• _ASSIGNMENT_
Return every line from the one with "- Afrikai türkiz" through the one with "Piaceri Mediterranei - PANETTONE", inclusive, exactly as it appears below.

====== DATASET EXCERPTS

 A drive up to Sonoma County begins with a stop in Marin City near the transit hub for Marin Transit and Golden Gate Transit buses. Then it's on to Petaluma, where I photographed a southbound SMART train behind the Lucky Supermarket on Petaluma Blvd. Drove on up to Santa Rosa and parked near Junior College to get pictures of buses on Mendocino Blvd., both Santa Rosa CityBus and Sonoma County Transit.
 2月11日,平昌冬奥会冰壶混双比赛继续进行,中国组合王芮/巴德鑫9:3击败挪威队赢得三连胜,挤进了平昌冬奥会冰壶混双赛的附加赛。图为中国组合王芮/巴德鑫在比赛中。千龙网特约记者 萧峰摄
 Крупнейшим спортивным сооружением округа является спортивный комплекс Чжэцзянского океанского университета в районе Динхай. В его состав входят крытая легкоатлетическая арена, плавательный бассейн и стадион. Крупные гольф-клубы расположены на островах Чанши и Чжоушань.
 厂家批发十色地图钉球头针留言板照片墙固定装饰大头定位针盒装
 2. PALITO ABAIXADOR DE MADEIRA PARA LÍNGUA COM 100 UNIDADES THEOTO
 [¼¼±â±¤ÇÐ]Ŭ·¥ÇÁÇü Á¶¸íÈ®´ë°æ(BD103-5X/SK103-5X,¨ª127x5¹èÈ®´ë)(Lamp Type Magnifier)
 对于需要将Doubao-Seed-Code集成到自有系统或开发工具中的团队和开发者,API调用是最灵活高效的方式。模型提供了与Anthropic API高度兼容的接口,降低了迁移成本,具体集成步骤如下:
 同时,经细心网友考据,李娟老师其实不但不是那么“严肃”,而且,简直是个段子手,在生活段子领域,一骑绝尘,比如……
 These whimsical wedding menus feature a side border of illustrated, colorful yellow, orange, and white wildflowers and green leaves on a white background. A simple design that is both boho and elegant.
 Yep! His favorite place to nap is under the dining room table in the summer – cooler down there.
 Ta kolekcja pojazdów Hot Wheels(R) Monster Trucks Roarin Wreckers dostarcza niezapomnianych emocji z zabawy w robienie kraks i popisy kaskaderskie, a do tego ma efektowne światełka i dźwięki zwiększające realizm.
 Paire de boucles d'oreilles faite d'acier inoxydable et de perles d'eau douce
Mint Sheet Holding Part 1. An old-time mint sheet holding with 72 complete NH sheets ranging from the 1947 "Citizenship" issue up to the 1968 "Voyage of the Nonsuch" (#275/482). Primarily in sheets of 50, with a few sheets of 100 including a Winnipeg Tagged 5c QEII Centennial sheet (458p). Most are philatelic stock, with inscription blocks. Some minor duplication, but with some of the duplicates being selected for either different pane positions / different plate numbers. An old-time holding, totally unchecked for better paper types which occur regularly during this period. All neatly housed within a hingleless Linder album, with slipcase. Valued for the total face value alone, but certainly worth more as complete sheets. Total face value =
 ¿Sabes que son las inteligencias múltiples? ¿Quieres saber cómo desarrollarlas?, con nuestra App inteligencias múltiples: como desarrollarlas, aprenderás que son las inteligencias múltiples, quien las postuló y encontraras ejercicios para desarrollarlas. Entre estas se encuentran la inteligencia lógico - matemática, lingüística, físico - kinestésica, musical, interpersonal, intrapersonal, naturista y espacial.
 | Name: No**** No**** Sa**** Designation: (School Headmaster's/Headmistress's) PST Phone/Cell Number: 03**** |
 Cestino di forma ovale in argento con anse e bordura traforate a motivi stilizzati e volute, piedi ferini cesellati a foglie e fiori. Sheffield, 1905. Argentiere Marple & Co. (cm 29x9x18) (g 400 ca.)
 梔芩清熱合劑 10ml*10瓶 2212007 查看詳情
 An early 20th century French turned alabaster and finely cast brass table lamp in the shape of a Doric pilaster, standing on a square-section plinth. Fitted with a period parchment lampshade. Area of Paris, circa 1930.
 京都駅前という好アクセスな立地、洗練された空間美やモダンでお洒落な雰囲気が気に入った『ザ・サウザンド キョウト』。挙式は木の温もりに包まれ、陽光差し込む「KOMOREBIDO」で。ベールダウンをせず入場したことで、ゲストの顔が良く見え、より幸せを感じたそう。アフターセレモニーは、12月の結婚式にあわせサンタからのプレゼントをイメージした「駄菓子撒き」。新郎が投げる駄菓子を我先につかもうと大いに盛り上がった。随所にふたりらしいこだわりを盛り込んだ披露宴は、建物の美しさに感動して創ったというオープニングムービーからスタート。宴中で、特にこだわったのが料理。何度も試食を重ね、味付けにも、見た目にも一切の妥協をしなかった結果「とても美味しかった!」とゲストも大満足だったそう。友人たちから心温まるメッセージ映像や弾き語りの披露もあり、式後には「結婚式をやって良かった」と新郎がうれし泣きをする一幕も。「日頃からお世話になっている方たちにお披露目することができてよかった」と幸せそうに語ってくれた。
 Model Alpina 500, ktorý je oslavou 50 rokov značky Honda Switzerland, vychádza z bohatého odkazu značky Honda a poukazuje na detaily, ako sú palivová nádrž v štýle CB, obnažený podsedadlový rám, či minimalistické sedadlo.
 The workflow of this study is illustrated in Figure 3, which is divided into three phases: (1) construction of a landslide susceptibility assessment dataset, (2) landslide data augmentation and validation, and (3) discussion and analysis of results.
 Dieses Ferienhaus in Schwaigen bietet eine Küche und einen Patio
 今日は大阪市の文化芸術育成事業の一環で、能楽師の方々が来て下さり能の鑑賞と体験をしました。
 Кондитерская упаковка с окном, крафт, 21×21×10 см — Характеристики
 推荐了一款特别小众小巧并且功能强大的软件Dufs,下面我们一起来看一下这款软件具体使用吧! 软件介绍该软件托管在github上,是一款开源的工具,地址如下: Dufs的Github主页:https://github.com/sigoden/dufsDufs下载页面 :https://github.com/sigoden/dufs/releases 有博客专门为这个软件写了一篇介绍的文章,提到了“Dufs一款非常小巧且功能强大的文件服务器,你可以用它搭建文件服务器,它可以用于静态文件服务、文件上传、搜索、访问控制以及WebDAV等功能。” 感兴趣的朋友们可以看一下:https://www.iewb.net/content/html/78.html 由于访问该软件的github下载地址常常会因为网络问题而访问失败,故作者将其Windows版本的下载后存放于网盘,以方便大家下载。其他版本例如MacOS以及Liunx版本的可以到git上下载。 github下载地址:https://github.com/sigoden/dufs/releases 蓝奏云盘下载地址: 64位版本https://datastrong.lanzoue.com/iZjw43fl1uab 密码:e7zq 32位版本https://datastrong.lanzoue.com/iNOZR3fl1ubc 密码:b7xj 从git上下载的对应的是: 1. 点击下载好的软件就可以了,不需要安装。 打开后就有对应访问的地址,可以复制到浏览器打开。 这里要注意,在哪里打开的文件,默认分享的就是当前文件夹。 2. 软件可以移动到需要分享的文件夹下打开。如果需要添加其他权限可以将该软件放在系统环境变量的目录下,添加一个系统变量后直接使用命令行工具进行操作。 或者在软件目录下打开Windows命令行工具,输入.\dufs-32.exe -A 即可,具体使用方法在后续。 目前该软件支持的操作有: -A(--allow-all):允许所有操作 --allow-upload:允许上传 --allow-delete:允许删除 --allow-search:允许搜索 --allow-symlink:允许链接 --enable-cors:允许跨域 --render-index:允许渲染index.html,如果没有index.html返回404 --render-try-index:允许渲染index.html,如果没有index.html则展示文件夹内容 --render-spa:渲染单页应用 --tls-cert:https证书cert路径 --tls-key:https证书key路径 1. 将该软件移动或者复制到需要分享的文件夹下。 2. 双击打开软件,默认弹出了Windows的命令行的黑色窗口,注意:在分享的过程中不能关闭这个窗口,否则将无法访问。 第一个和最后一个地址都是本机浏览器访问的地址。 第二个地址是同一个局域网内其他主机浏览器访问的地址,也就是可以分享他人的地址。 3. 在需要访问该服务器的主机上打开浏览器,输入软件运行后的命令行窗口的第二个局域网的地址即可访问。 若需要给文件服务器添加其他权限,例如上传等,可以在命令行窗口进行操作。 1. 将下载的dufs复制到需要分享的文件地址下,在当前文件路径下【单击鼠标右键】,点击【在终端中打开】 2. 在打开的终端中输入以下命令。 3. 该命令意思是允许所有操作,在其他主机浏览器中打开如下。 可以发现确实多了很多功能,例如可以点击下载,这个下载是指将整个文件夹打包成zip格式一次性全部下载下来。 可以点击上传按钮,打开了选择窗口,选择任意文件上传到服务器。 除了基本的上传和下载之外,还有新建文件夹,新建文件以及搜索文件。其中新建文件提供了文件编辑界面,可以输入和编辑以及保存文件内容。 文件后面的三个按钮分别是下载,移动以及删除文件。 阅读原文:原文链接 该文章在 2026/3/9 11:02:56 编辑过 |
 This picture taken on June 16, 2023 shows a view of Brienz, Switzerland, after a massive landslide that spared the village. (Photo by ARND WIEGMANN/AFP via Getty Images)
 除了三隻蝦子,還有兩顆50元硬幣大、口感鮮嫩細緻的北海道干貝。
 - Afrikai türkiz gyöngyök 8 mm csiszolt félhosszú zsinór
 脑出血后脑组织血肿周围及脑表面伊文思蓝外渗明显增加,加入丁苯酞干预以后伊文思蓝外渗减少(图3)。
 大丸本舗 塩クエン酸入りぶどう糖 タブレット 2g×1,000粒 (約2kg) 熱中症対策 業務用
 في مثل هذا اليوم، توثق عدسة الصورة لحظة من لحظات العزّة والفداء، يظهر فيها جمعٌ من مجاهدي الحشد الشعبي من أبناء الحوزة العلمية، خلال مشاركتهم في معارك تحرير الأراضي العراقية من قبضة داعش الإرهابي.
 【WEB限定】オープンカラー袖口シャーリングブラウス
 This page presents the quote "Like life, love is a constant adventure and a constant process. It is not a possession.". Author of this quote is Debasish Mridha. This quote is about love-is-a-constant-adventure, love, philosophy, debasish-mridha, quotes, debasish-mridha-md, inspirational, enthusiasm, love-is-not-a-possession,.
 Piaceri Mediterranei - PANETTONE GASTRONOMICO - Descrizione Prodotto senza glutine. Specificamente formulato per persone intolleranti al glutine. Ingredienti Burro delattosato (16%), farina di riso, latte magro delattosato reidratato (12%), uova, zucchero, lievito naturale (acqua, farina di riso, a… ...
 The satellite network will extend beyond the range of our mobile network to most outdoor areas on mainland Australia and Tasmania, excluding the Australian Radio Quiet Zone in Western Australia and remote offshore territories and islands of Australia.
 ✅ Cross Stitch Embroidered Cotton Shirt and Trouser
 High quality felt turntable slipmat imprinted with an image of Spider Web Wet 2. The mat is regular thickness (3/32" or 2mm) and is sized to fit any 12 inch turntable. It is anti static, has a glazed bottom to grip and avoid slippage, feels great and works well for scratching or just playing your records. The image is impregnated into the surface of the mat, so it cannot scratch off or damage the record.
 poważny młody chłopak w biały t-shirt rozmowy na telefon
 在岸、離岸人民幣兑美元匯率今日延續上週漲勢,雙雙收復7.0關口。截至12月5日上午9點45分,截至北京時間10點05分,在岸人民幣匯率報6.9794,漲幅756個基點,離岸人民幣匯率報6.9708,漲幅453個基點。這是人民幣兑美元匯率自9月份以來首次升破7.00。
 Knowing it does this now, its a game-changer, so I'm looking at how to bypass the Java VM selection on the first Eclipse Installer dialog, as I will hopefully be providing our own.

============

• _SOLUTION TO THE EXERCISE_
 - Afrikai türkiz gyöngyök 8 mm csiszolt félhosszú zsinór
 脑出血后脑组织血肿周围及脑表面伊文思蓝外渗明显增加,加入丁苯酞干预以后伊文思蓝外渗减少(图3)。
 大丸本舗 塩クエン酸入りぶどう糖 タブレット 2g×1,000粒 (約2kg) 熱中症対策 業務用
 في مثل هذا اليوم، توثق عدسة الصورة لحظة من لحظات العزّة والفداء، يظهر فيها جمعٌ من مجاهدي الحشد الشعبي من أبناء الحوزة العلمية، خلال مشاركتهم في معارك تحرير الأراضي العراقية من قبضة داعش الإرهابي.
 【WEB限定】オープンカラー袖口シャーリングブラウス
 This page presents the quote "Like life, love is a constant adventure and a constant process. It is not a possession.". Author of this quote is Debasish Mridha. This quote is about love-is-a-constant-adventure, love, philosophy, debasish-mridha, quotes, debasish-mridha-md, inspirational, enthusiasm, love-is-not-a-possession,.
 Piaceri Mediterranei - PANETTONE GASTRONOMICO - Descrizione Prodotto senza glutine. Specificamente formulato per persone intolleranti al glutine. Ingredienti Burro delattosato (16%), farina di riso, latte magro delattosato reidratato (12%), uova, zucchero, lievito naturale (acqua, farina di riso, a… ...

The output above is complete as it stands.